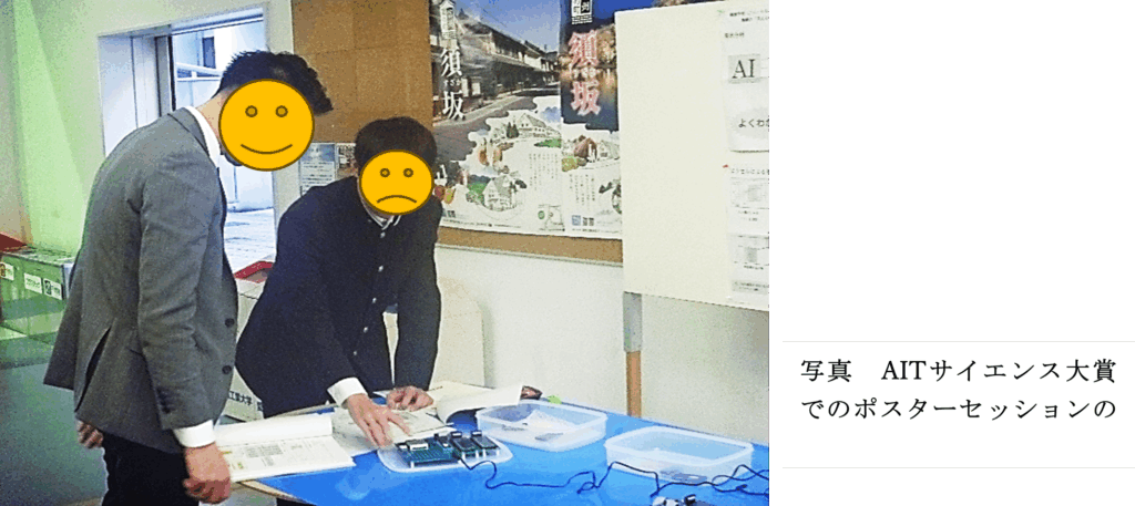 11月2日(土)、大学主催のAITサイエンス大賞の自然科学部門に参加した。スライドとともに発表し、その後ポスターセッションで大学の先生や他の参加者と交流した。そこで、大学の先生方々から、「AIはいわばブラックボックスのためよくわからない。」、「計算式中のバイアス、活性化関数などの意味が分からない。」、「実物を見るまで電子工作による見える化で何をしているのか分からなかった。」などの意見を頂いた。私自身よく分かっていない部分が多く、適切な説明をすることができなかった。しかし、研究の流れを説明し、実際に電子工作で数字認識を体験してもらうと、「おもしろい」や「わかりやすい」などの意見をもらうことができた。また、学習について、「その学習データはどう作ったのか」、「学習の仕組みはどのようなものなのか」という質問もあった。本研究はAIの機構(推論=計算の流れ)の研究であったため、「学習」そのものについては触れていなかった。そのため、質問されても私自身、十分理解できておらず、説明することができなかった。
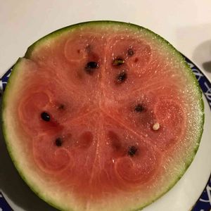 小玉スイカ。 突然ヒビが入ったので、収穫しました。 維管束が、大魔神みたい(o^^o) 色は今ひとつだけど、 もう甘くてにっこりでした。
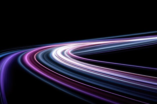 Abstract visualization of a digital wave, with shimmering blue and purple dots against a black background.

- **WHAT IS REQUIRED**: Print the material above word for word, first line through the line with "小玉スイカ。 突然ヒビが入ったので、収穫しました。 維管束が、大魔神みたい(o^^o)", and leave every picture out.

- **REPLY**:
 11月2日(土)、大学主催のAITサイエンス大賞の自然科学部門に参加した。スライドとともに発表し、その後ポスターセッションで大学の先生や他の参加者と交流した。そこで、大学の先生方々から、「AIはいわばブラックボックスのためよくわからない。」、「計算式中のバイアス、活性化関数などの意味が分からない。」、「実物を見るまで電子工作による見える化で何をしているのか分からなかった。」などの意見を頂いた。私自身よく分かっていない部分が多く、適切な説明をすることができなかった。しかし、研究の流れを説明し、実際に電子工作で数字認識を体験してもらうと、「おもしろい」や「わかりやすい」などの意見をもらうことができた。また、学習について、「その学習データはどう作ったのか」、「学習の仕組みはどのようなものなのか」という質問もあった。本研究はAIの機構(推論=計算の流れ)の研究であったため、「学習」そのものについては触れていなかった。そのため、質問されても私自身、十分理解できておらず、説明することができなかった。
 小玉スイカ。 突然ヒビが入ったので、収穫しました。 維管束が、大魔神みたい(o^^o) 色は今ひとつだけど、 もう甘くてにっこりでした。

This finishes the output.